Now you’re on the registration screen. Type in the info from earlier, and type in your case email address. You’ll get an email to your school email address bringing you to the download link.

I whited out some of the token link, so you’ll have a link that looks much longer than above.

Follow that link and you’ll get to another page that looks like this:

Once you type in your case email address again, you should FINALLY get to the download page, which will look like this:

There’s the lot of links there, but the most important one is the very first link, under “Download PyMOL”. Hitting that should bring you to this page:

You’ll need to do two things here. First, before you forget, download the license file. This is the button on the bottom right. Following the instructions will allow you to download a “pymol-license.lic” file. I like to put it into the same Application folder, so it’s easy to find. As shown in the picture provided by the website, you’ll need this file when you first open up PyMol on your computer.

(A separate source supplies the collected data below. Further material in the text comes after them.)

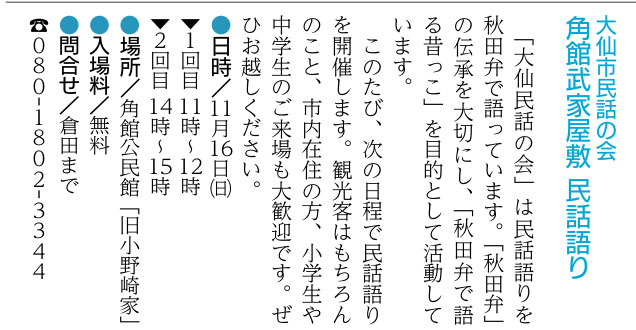 | 秋田弁の昔っこ | 秋田市・フォンテAKITA6階 | 2025/11/29(土) |
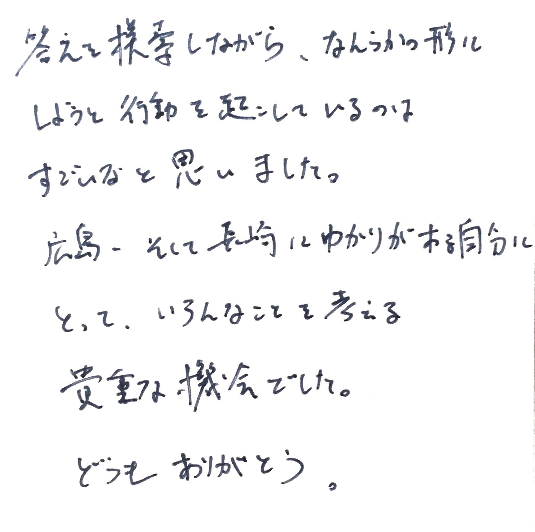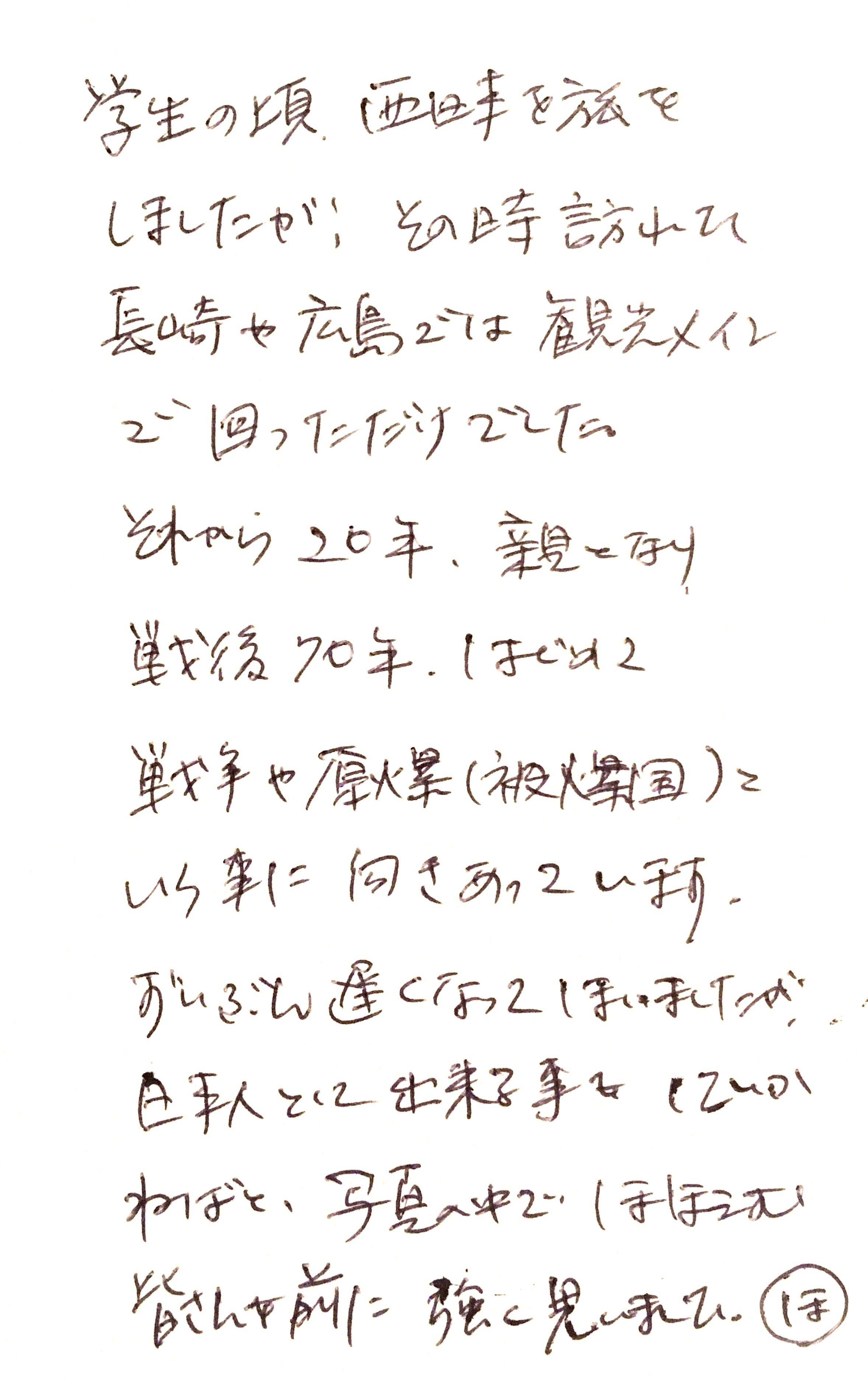 長崎に住んでいたころは、原爆と平和についての関心は人並みにあったものの、誰かの先頭に立って署名活動をしたりすることもなく、「高校生平和大使」のような有志の方々を眩しく、「立派だなぁ」と眺めている側の人間でした。
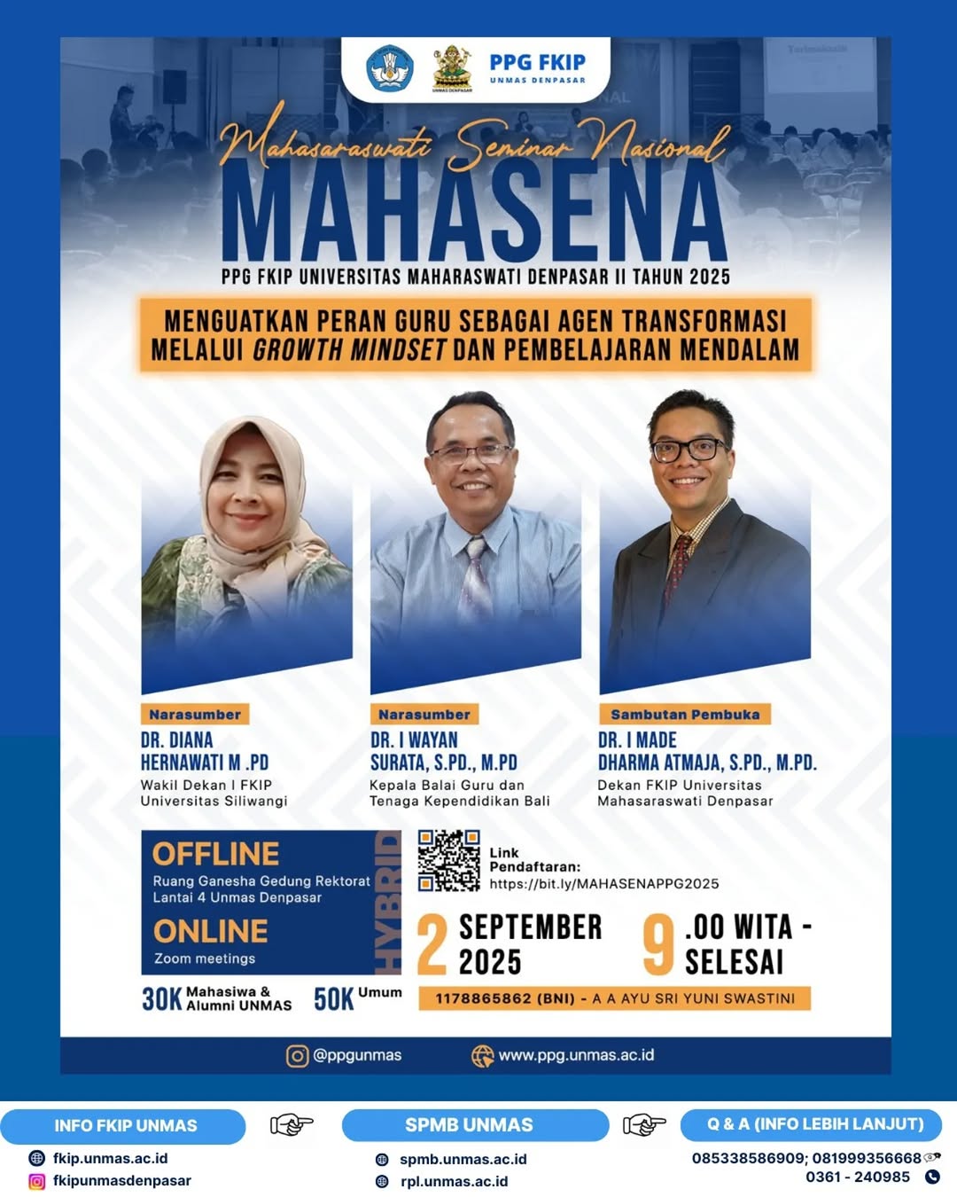 ✨ Prodi Pendidikan Profesi Guru (PPG) FKIP Universitas Mahasaraswati Denpasar dengan bangga menyelenggarakan Mahasaraswati Seminar Nasional (MAHASENA) II 2025 dengan tema: Menguatkan Peran Guru sebagai Agen Transformasi melalui Growth Mindset dan Pembelajaran Mendalam.
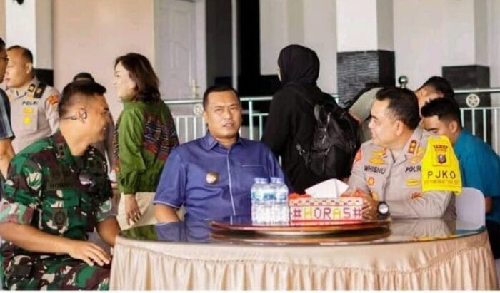 Di mess Pemprovsu, Kapolda mendengarkan pemaparan komandan posko terkait kesiapan pengamanan event Aquabike dan F1H2O yang berlangsung di Balige (FOTO).
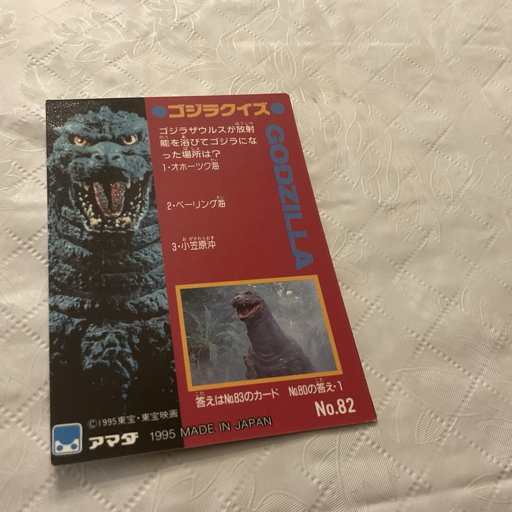 This vintage Godzilla card by AMADA is a rare find for collectors of animation merchandise. Made in Japan, it features the iconic kaiju in stunning detail and is sure to be a prized possession for any fan of the franchise. The card is a must-have for those who appreciate Japanese language and culture, as the text is written in its original form. Whether you're a seasoned collector or a newcomer to the world of Godzilla, this AMADA card is a fantastic addition to any collection.

Next, download the program itself, based on your platform (again, I’m on a Mac). Once downloaded, follow the steps for installing Pymol (for macs, it’s opening up the disk image, and then dragging the Pymol application into your computer Application folder). Double click to open the program, and it will ask about activation. Click the “Browse for License File” button and select that license file you recently downloaded. Voila!, you have successfully navigated the gauntlet of website complexity to achieve your goal. A world of exploring protein structures awaits.

2) USAGE

Now that it’s downloaded and properly linked to the license, you should get a nice blank screen like this.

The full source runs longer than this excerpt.